Was just wondering what all the cooks are doing today.  I have to go to the store - ugh .  Then I will be making my giblet dressing, thats all today beside something for dinner.


----------



## CherryRed (Nov 21, 2007)

Today is busyish for me. I'm making 2 pumpkin pies, snickerdoodles, a pumpkin dip to serve with apple slices, orange-cranberry sauce, and candied sweet potatoes. I also have to brine a turkey at some point. 

Tomorrow will be the turkey itself, roasted garlic mashed potatoes, stuffed artichokes, and giblet gravy.

I'm looking forward to all of it!


----------



## Andy M. (Nov 21, 2007)

I'm preparing butternut squash, cranberry relish, chocolate pecan pie today and brining my turkey.  The rest is for tomorrow.


----------



## GB (Nov 21, 2007)

Whipped Sweet Potatoes and Bananas with Honey. Both the potatoes and bananas are roasted first. It sounded really interesting to me.


----------



## Uncle Bob (Nov 21, 2007)

A Pecan, Cherry, and Apple Pie have been baked.
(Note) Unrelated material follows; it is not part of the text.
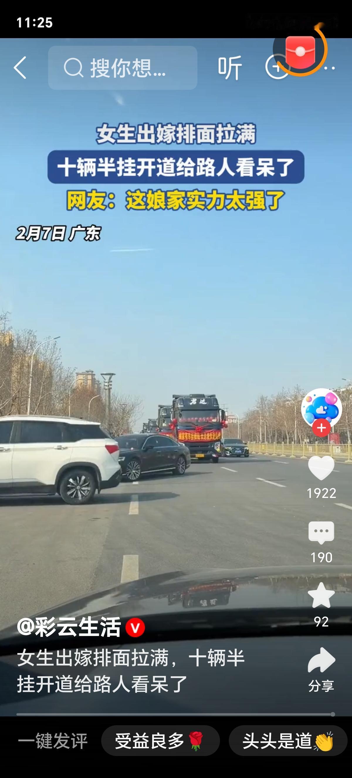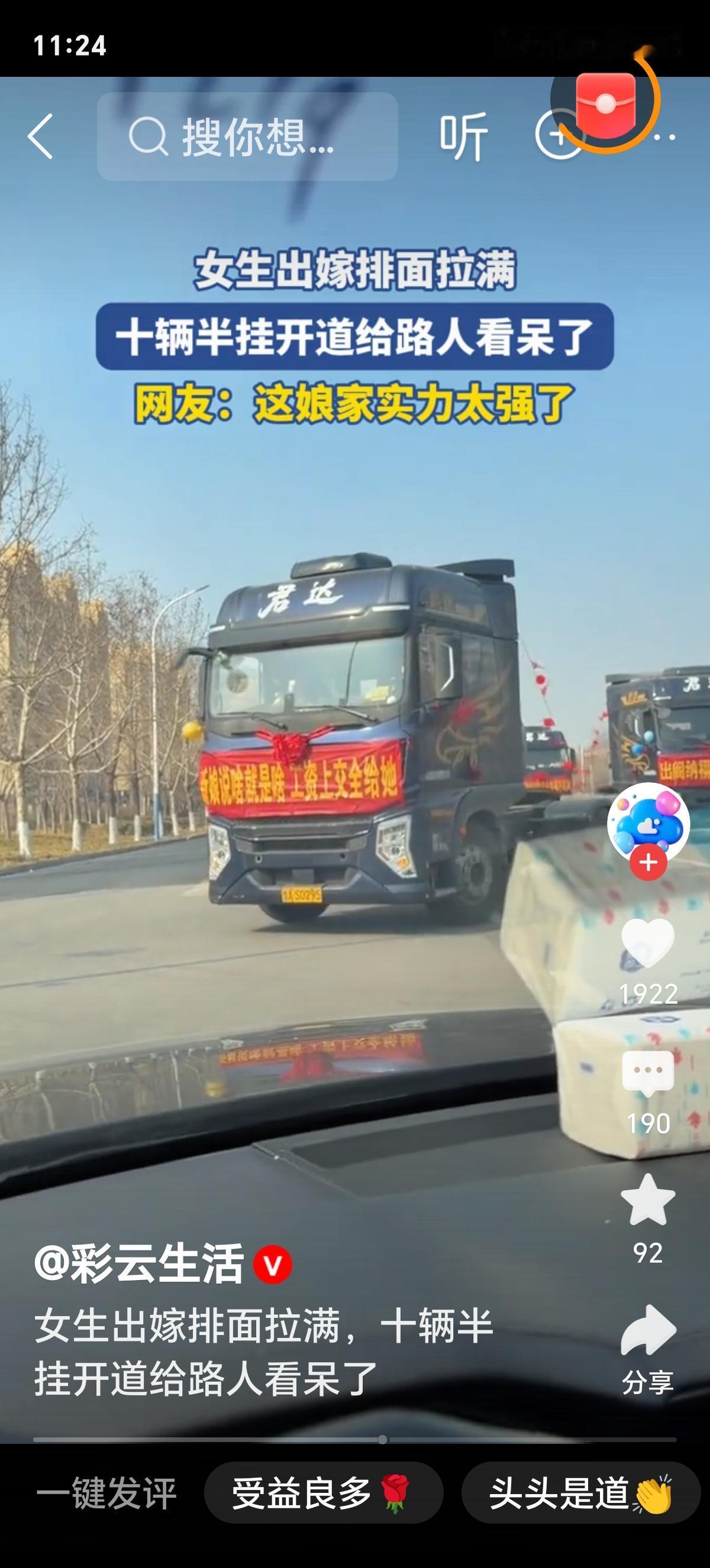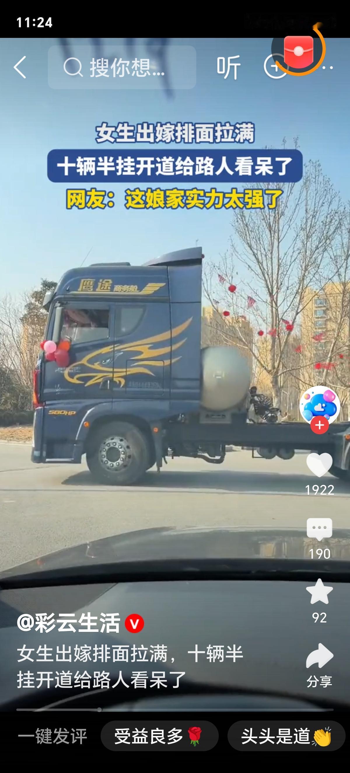 有细节、有纵深、有刺穿感 十辆半挂车停在村口晒场时,像十座移动的祠堂。 红绸在风里翻飞,车头贴着“百年好合”,可真正让我站住脚的,是第七辆车尾—— 一只竹编摇篮用麻绳斜绑在栏杆上,篮沿还系着褪色的蓝布带,带子上歪歪扭扭绣着两个字:“小满”。 那是新娘三岁时,奶奶一针一线缝的。 她没坐豪车,也没走T台。 她踩着一双自己纳的千层底布鞋,鞋面上两朵金线牡丹——左边是母亲教的针法,右边是她婚后第一次回娘家,连夜补上的。 上车前,她把一包炒米糖塞进伴娘手里:“分给村小学的孩子,别让他们等我回来再发喜糖。” 这哪是“排面”? 这是两代人用半生笨拙攒下的郑重,在今天,轻轻托起一个女孩转身的弧度。 我们总说“嫁妆攀比”,却没人算过一笔账: ✅ 十辆车租金3.2万元=父亲连续117个凌晨装卸水泥的工钱; ✅ 车队绕村三圈=全村68位70岁以上老人,第一次坐上空调大巴,去镇上拍人生第一张彩色全家福; ✅ 最后一辆车装的不是家电,是12袋新收的稻谷、8筐自种蜜橘、3床手织棉被——标签上写着:“给新家添点地气”。 最戳心的是啥? 是车队出发前,新郎蹲在车轮旁,用砂纸一点点磨掉锈迹——不是为好看,是怕颠簸时刮伤箱子里那台老式收音机,那是他爸临终前,唯一留给他的东西。 而新娘站在车旁,没看镜头,只仰头数了三遍车顶红绸飘动的次数,像在默念一句无声的誓词。 这世上最硬的排面,从来不是金玉满堂,而是: 你把最旧的摇篮擦亮, 把最薄的嫁衣穿挺, 把最重的爱,装进最实在的车厢里, 然后,不声不响,开向未来。 所谓“拉满”,不是给外人看的热闹, 是给至亲人的交代: **我出嫁了,但没丢根;我奔向新家,却把老屋的砖瓦、灶火、月光,一并搬进了新门。** 评论区预埋话题:“你见过最动人的‘排面’,是什么样子?”二桥半挂车 半挂车方队

A huge 12 in. pone of Cornbread (for dressing) just came out of the oven. Sweet potatoes are baking (for casserle) Two chickens simmering on the stove to make stock for dressing. DW is dipping home made Millionaires in chocolate. Turkey breast is brining, and I'll start the cooker after lunch do start the ham cooking to add just a little more smoke flavor. I'll cook the turkey breast late this afternoon/tonight. 

Have Fun & Enjoy!


----------



## GotGarlic (Nov 21, 2007)

I'm going to a bring-a-dish Thanksgiving at the home of my best friend's new boyfriend. They're doing the turkey with stuffing and a spiral ham; my mom is doing a broccoli/cauliflower/cheese sauce casserole and will make the gravy when we get there. Another friend is bringing 1 pumpkin and 1 chocolate cream pie and whipped cream and friends from out of town are bringing rolls. I'm doing cranberry sauce (made it Sunday), corn pudding and mashed potatoes (tomorrow morning), and, being made tonight, a pumpkin pie and stock from turkey wings for the gravy.

DH has a half day today, so I just sent him the shopping list


----------



## Constance (Nov 21, 2007)

We've been doing this meal a little at a time since Sunday, when we made the dressing. Mon we made a broccoli casserole with blue cheese, and last night we made the mashed potatoes. Today we'll cook the turkey, let it cool, then slice it up and put it in a pan to be reheated tomorrow. I'll also make the gravy this evening.
Tomorrow, I have an appetizer to make (olive/cheese balls) and and green beans to fix. I was going to make the ubiquitous green bean casserole (because I love it), but the only green beans I have are the broad Italian type, so I'll just go the bacon/onion route. 
My daughter's bringing the pies, bless her heart, and Pillsbury's bringing the dinner rolls.


----------



## kitchenelf (Nov 21, 2007)

Today I will prepare:

2 pumpkin pies
1 pecan pie
(Slice of Sin was made on Monday)
broccoli casserole
dressing (plain and oyster)
mashed potatoes
chop sweet potatoes for sweet potato hash (no one wants sweet potato casserole 
cranberry sauce (I'm taking Andy M's lead and cooking them in orange juice versus water and then I may add some apple and walnuts to a portion of it)
wild rice salad
prep Brussels sprouts but will cook those tomorrow
brine turkey

Normally I do this all on Thanksgiving with the help of my best friend.  She went and "got a boyfriend"  and has to be at his house for awhile tomorrow so we're doing a bunch today instead.


----------



## middie (Nov 21, 2007)

I'm not making anything. I'm not allowed since his family says their doing it (every year).
That and I have to work tomorrow anyway *grrrrrrrrrr*.


----------



## kitchenelf (Nov 21, 2007)

GB said:


> Whipped Sweet Potatoes and Bananas with Honey. Both the potatoes and bananas are roasted first. It sounded really interesting to me.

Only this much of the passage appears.